UC Davis

For reasons related to traffic congestion, emissions, safety, physical activity and health, there has been an increased focus on active transportation modes, including cycling and walking, by transportation planners and policymakers in the United States. In this regard, estimating bicycle and pedestrian volumes is key to evaluating transportation systems, building new infrastructure, safety studies, and understanding the impact of policy changes. Researchers have used various methods to estimate these volumes but most of the studies are limited to a single city or include study locations only in urban areas.
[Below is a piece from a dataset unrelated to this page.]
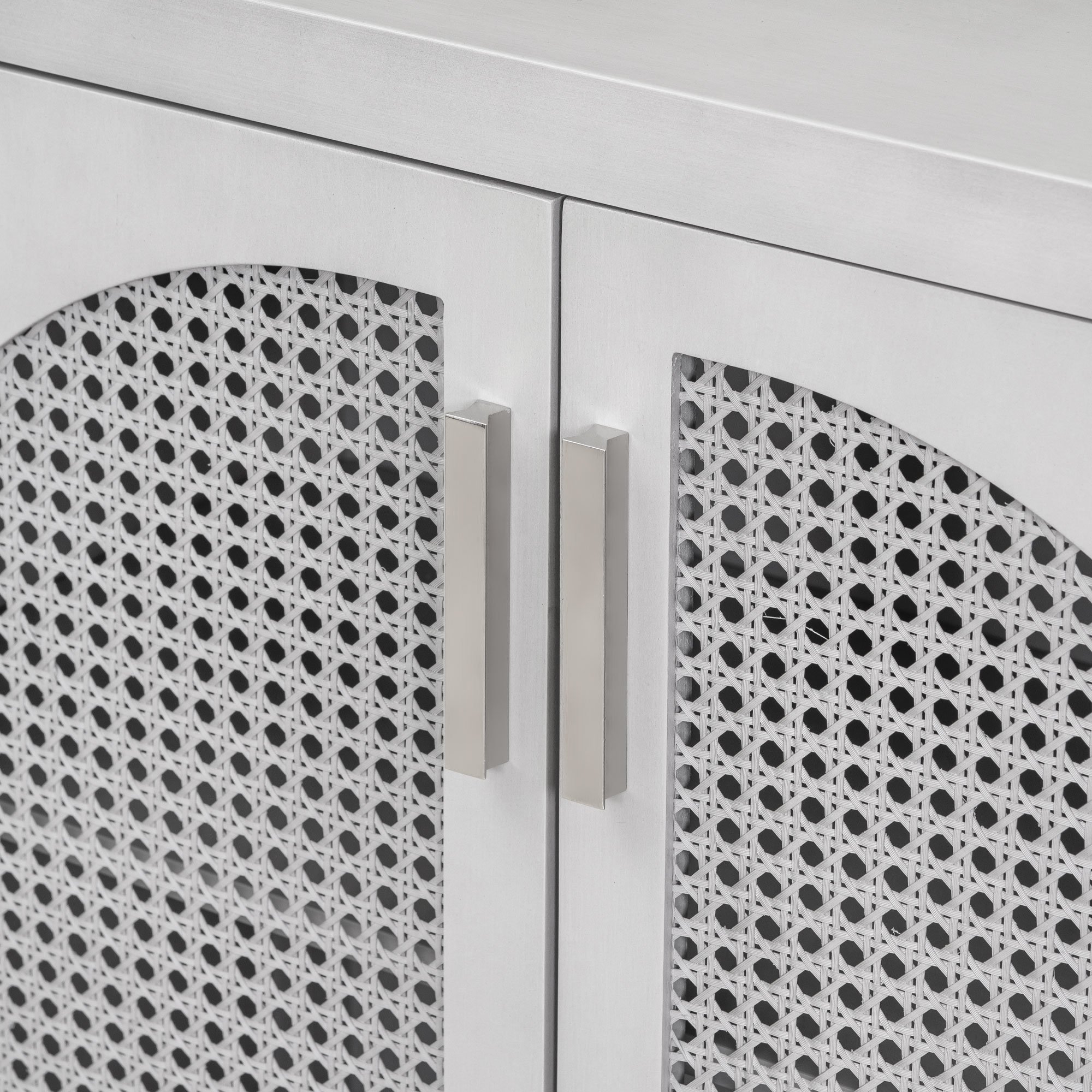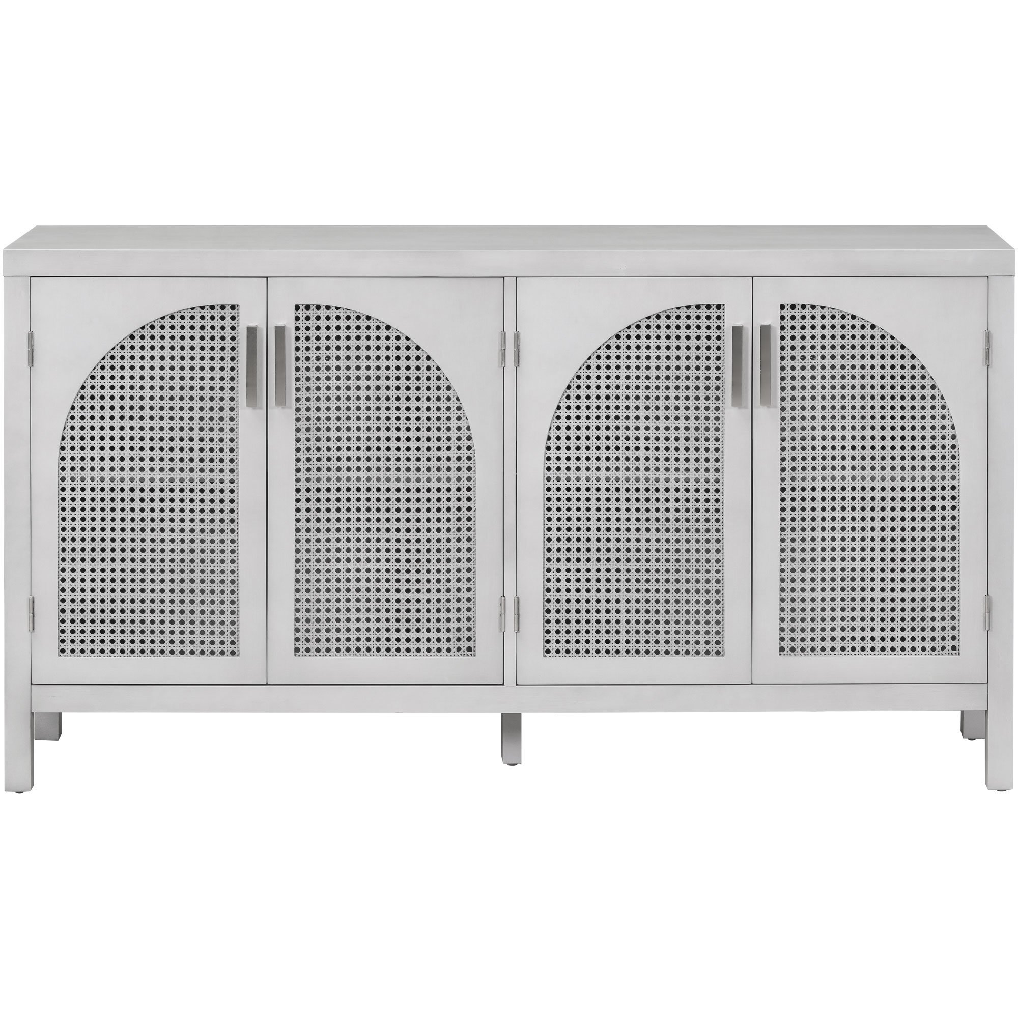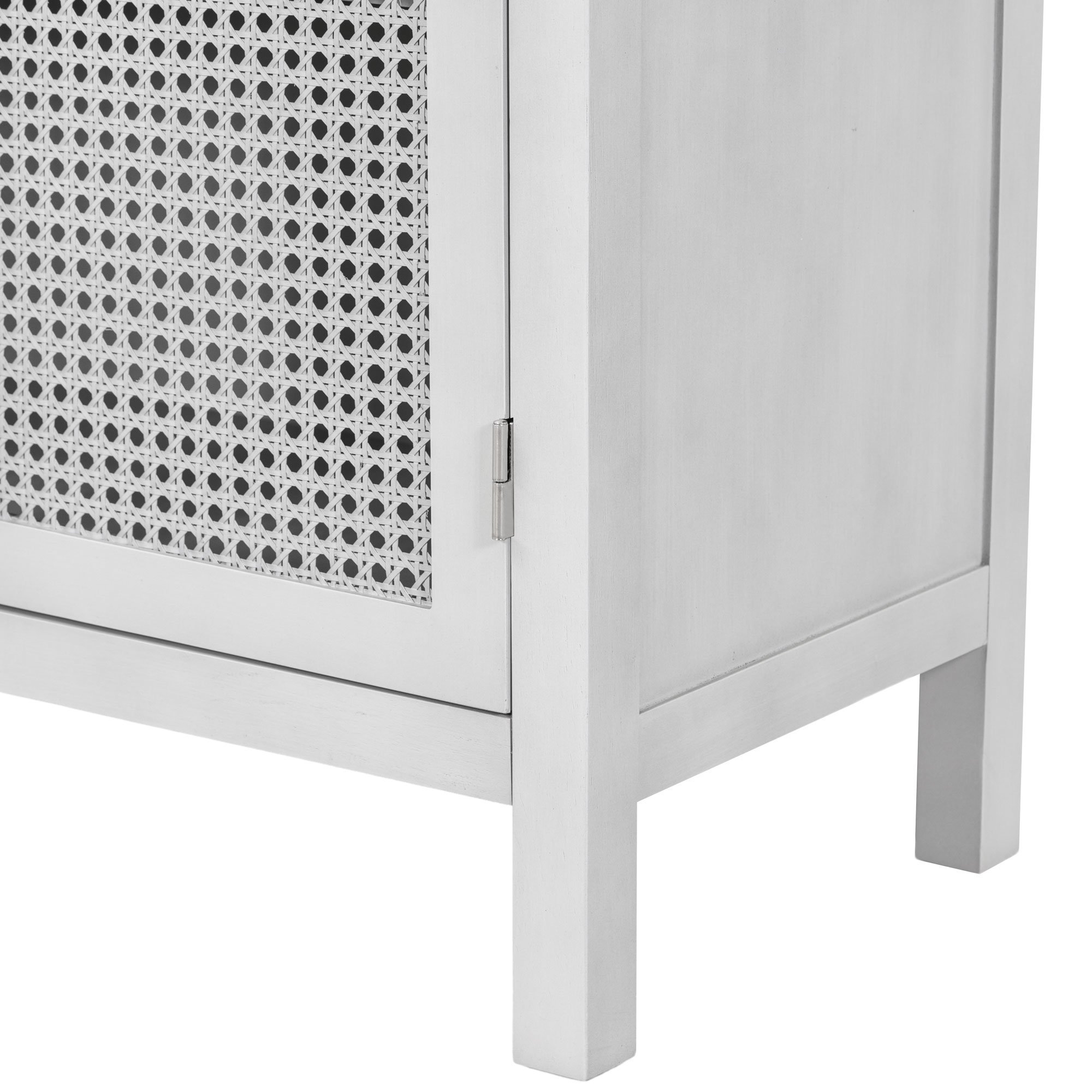 Features:1. Simple Style4-door cabinet with special-shape artificial rattan door panels, convenient metal handles and straight line frame can be placed in your living room, study and other places, making it an ideal choice for any room in your home. There are 3 colors for you to choose from. The details of the whole cabinet show the simplicity and generosity of the cabinet everywhere, and the classic cabinet is easy to match with your home style and won't be abrupt.2. Large Storage SpaceThis cabinet is versatile and can be used in a variety of home environments. Two layers of adjustable shelves ensure excellent internal storage space to meet all your household needs. Four independent spaces ensure that you can store your belongings in perfect categories. And has a variety of uses, not limited to preventing children's toys, books, clothes, shoes, etc., to meet your storage needs.3. High-quality MaterialsThe cabinet is made of MDF+Solid wood+Rattan, and high-quality wood ensures the durability and safety of the cabinet. Four solid wood table legs and one solid wood support leg in the middle ensure the stability and durability of the cabinet. The table top can bear 333 pounds, and the adjustable laminate can bear 15 pounds, which ensures the safety and stability while providing sufficient storage space.4. Excellent WorkmanshipFour curved-shape artificial rattan doors make the whole cabinet look more unique and fashionable. The hollowed-out door not only ensures the aesthetics and air permeability, but also ensures the closedness of the cabinet, preventing articles from falling out. The door handle of the cabinet is made of metal, which increases the wear resistance. The door is equipped with magnetic adsorption, which is beneficial for opening and closing. 5. Assembly & DimensionsFull assembly required. The cabinet comes with detailed instructions, and it can be installed step by step following the instructions, which can help you complete the assembly as soon as possible. Overall dimensions: 58.1" x 14.1" x 30.6'.

This study contributes to the existing literature by including study locations from rural areas and using unique explanatory variables from other tools such as the Strava Fitness app and the Bicycle Network Analysis (BNA) tool from PeopleforBikes’. I built a set of models using the Random Forest algorithm to predict Annual Average Daily Bicycle Traffic (AADBT) at the street level and Annual Average Daily Pedestrian Traffic (AADPT) at the intersection level. The dependent variable in the bicycle models is the AADBT calculated using permanent counts from San Francisco and San Diego and short-term counts from Caltrans District 1 (including Del Norte, Mendocino, Humboldt, and Lake counties). The data from rural locations is limited to four counties in Northern California and thus I built separate models (urban, rural, and generalized: urban + rural) to account for the time and space limitations in the counts. The dependent variable in the pedestrian models the AADPT calculated using the annual average crossing volumes from 1308 intersections in California. Unlike the bicycle count locations, pedestrian count locations are spread across various geographies and thus I developed a generalized pedestrian model that accounts for all neighborhood types.